[[ GIVEN RECORDS, beginning ]]

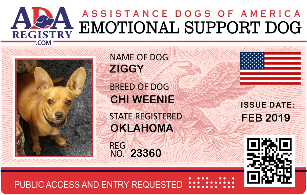 Emotional Support Dog Registration for Ziggy
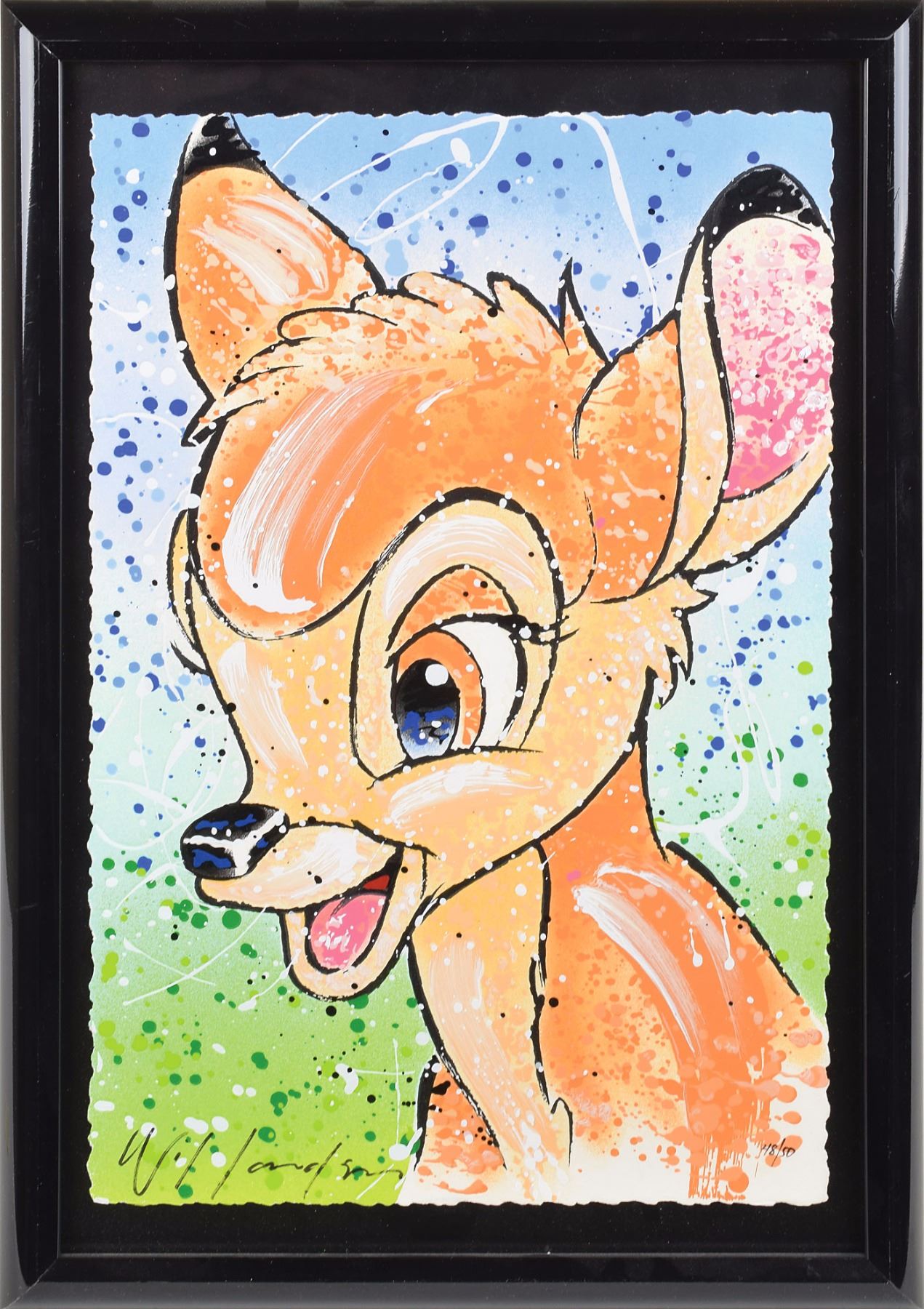 Color limited edition 11 x 16.5 serigraph of Bambi by David Willardson entitled 'The Buck Stops Here,' numbered 48/50, signed in black ink, "Willardson." Framed to an overall size of 14 x 20. In fine condition.
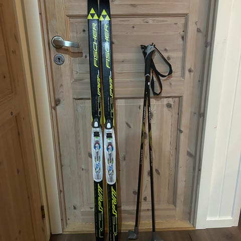 Fischer smørefri ski 140 cm og staver 90 cm selges samlet. Godt brukt av ett barn. Må hentes av kjøper 😊
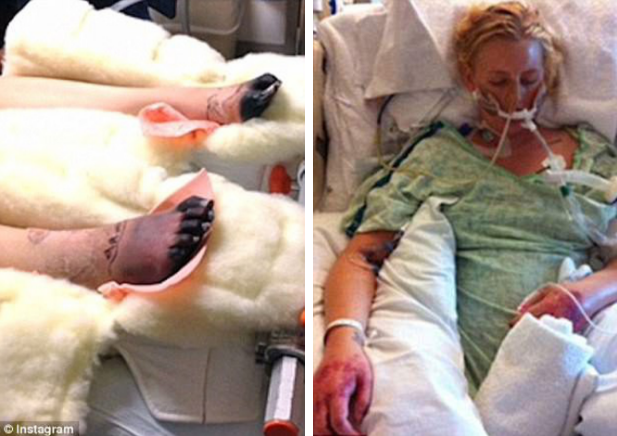 Những hình ảnh về Wasser vào thời điểm mới nhập viện năm 2012. Cô khi đó sốt tới 41 độ C, hai chân bị nhiễm trùng đến thâm đen lại và phải hứng chịu những cơn đau tim liên tục.
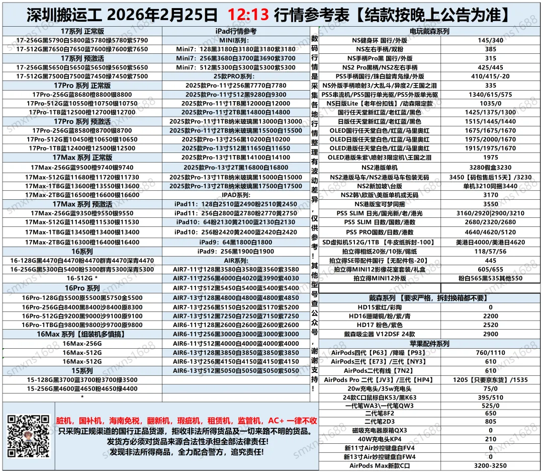 市场行情时刻波动,不一定全部更新到位,报价仅供出货参考。每晚会群公告公布实际结算价。我们是代卖模式,非定价接货,非咸鱼/顺丰上门打款。请知悉!感谢各位老板的信任与支持!
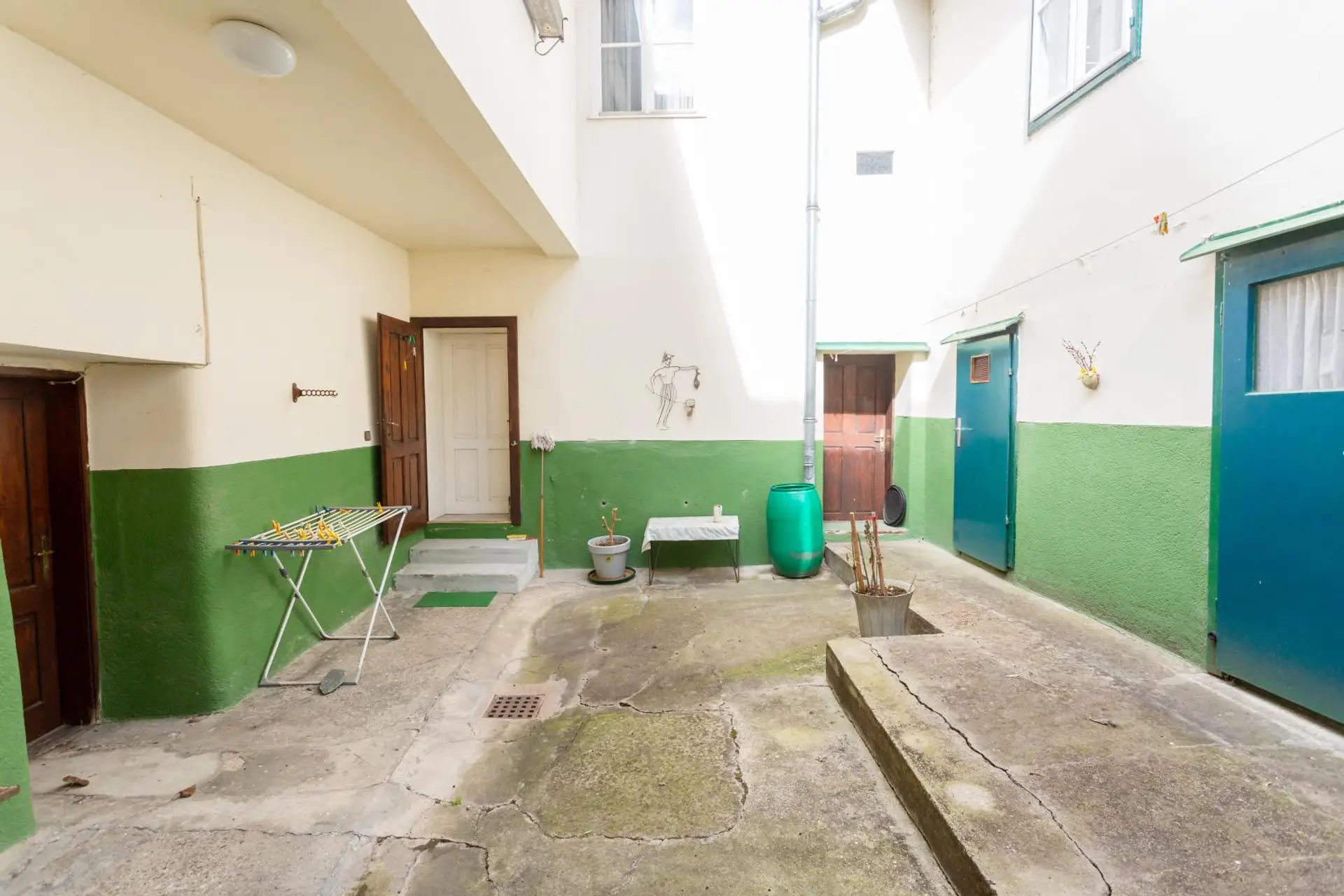 Über den charmanten Innenhof, der maximale Privatsphäre bietet, können zentral alle Räumlichkeiten des Wohnhauses sowie Nebengebäudes betreten werden.
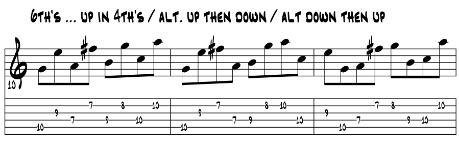 | Regardless, it's a real burner for a lot of cats and super buttery for a lot of Americana melody coolness. In this next idea we simply sequence the pitches of the shape in thirds creating a commonly heard melodic idea throughout the literature. Basic G major scale motion descending in 3rds. Example 8a. |
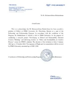 Dr Balamuralithara Balakrishnan, a professor and researcher who hails from Ipoh, Perak had recently received international recognition after being appointed for a fellowship position at the ITMO University, Russia which happens to be one of the prestigious universities in Russia specifically in the area of Educational Creative Studies.
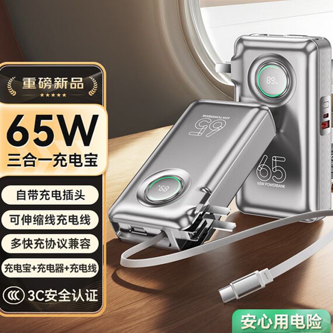 毕亚兹/Biaze 3C认证充电宝20000毫安三合一自带伸缩线65W快充移动电源YD73-20 三合一超能快充出行一个就够 快充新形态 适用场景广 轻巧便携 兑换价格 8600 里程 会员卡别 终身白金卡 白金卡 金卡 银卡 普通卡 儿童卡 服务 由 本原智选数码科技 发货并提供售后 电池容量: 10001mAh-20000mAh 颜色: 银色 购买数量: 件 库存件 配送地址: 立即购买 加入购物车 成功添加到购物车 关闭 购物车共有 种商品 总金额为: 组合销售 产品介绍 产品规格 售后服务 产品咨询 发现好货 ZNNCO 充电宝20000毫安时超薄小巧迷你自带线大容量快充移动电源便携苹果华为小米2万mAh手机 4200 里程 雷摄 T68S【3C认证可上飞机】充电宝10000毫安 移动电源 22.5W快充丨1万毫安丨多口输出 1700 里程 睿量/Remax 磁吸无线充电宝 Magsafe快充 5000mAh超薄小巧便携移动电源 手机背夹迷你移动电源 适用于苹果华为小米手机 RPP-107 4600 里程 纽曼(Newmine) 自带四线充电宝 3C认证 LED智能数显10000毫安移动电源 AL03 经典黑 3000 里程 雷摄 【3C认证】LS-YDZJ01 10000毫安 四线多功能移动电源 黑色 2000 里程
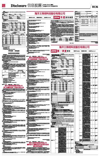 海洋王照明科技股份有限公司2014年度报告摘要 2015-04-24 来源:证券时报网 作者:

[[ GIVEN RECORDS, end ]]

• _WHAT NEEDS TO BE DONE_
What you should repeat exactly is the run of lines from the top of the listing above through the line with "Những hình ảnh", without pictures.

• _EXPECTED ANSWER_
 Emotional Support Dog Registration for Ziggy
 Color limited edition 11 x 16.5 serigraph of Bambi by David Willardson entitled 'The Buck Stops Here,' numbered 48/50, signed in black ink, "Willardson." Framed to an overall size of 14 x 20. In fine condition.
 Fischer smørefri ski 140 cm og staver 90 cm selges samlet. Godt brukt av ett barn. Må hentes av kjøper 😊
 Những hình ảnh về Wasser vào thời điểm mới nhập viện năm 2012. Cô khi đó sốt tới 41 độ C, hai chân bị nhiễm trùng đến thâm đen lại và phải hứng chịu những cơn đau tim liên tục.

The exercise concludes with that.